Sort of. Chief executive Ross Taylor says 2019 was an important transition year and he’s “pleased with the work we carried out to stabilise and refocus the company”.

But only two of its seven divisions have improved their earnings. One of these was residential and development, where building consent numbers in the seemingly irrepressible New Zealand housing market are at their highest levels since the 1970s and Auckland is the jewel in the crown. In contrast, Fletcher’s Australian business is looking decidedly un-flash thanks to the downturn in the housing market there.

What did it have to say about the dispute over Ihumātao?

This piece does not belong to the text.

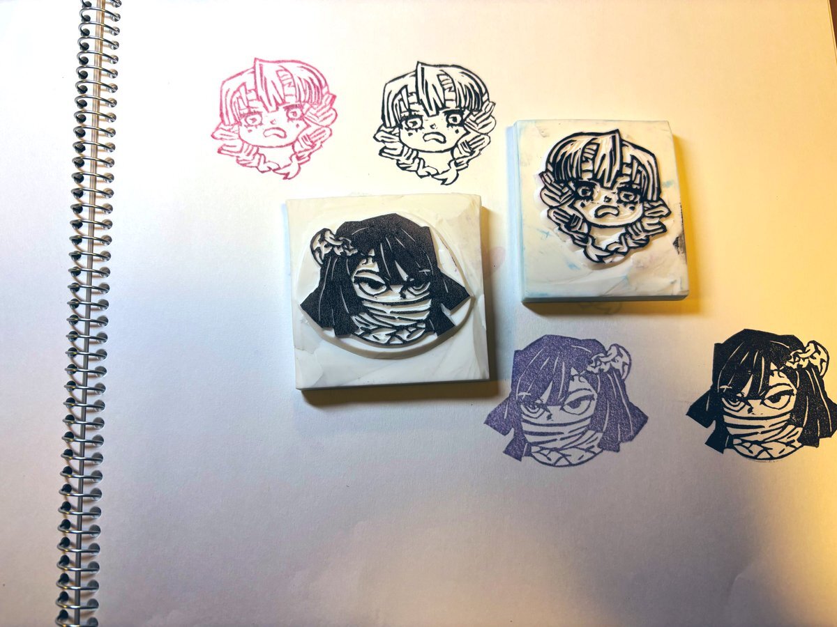 👹FB1はんこシリーズ化してきています このまま全柱掘ってしまうか?! 口ポカン蜜璃ちゃんとギロ目伊黒さん。 #消しゴムはんこ #鬼滅の刃 #甘露寺蜜璃 #伊黒小芭内 pic.x.com/ZjKb00Suah

Ross Taylor was asked about it at the media briefing, of course. He reiterated the company line that it was staying out of it. “The prime minister with iwi wanted us to down tools a few weeks ago to allow iwi and government to work through a way forward on that. And we’re very respectfully allowing them that space to do that.

“We’re not involved in those conversations, so we’re waiting for that direction to emerge so we can then work out how to engage and react to it.

“It is a complex situation, and we do want to give everyone, all the parties, the breathing space to come up with the way forward that they want to take. So we’ll continue not to make any comment.”

How big a deal is Ihumātao for Fletchers financially?

In monetary terms the project is small beer. Auckland Council currently values the 33 hectare site at $36m, less than a quarter of Fletcher’s $164m annual profit. QV records show the company bought the land in 2014 for $19m when its council valuation was only $11.8m. Once Fletchers got the go-ahead to develop a subdivision the land’s value increased significantly, and that’s also when the long-running protest over its ownership stepped up to the next level.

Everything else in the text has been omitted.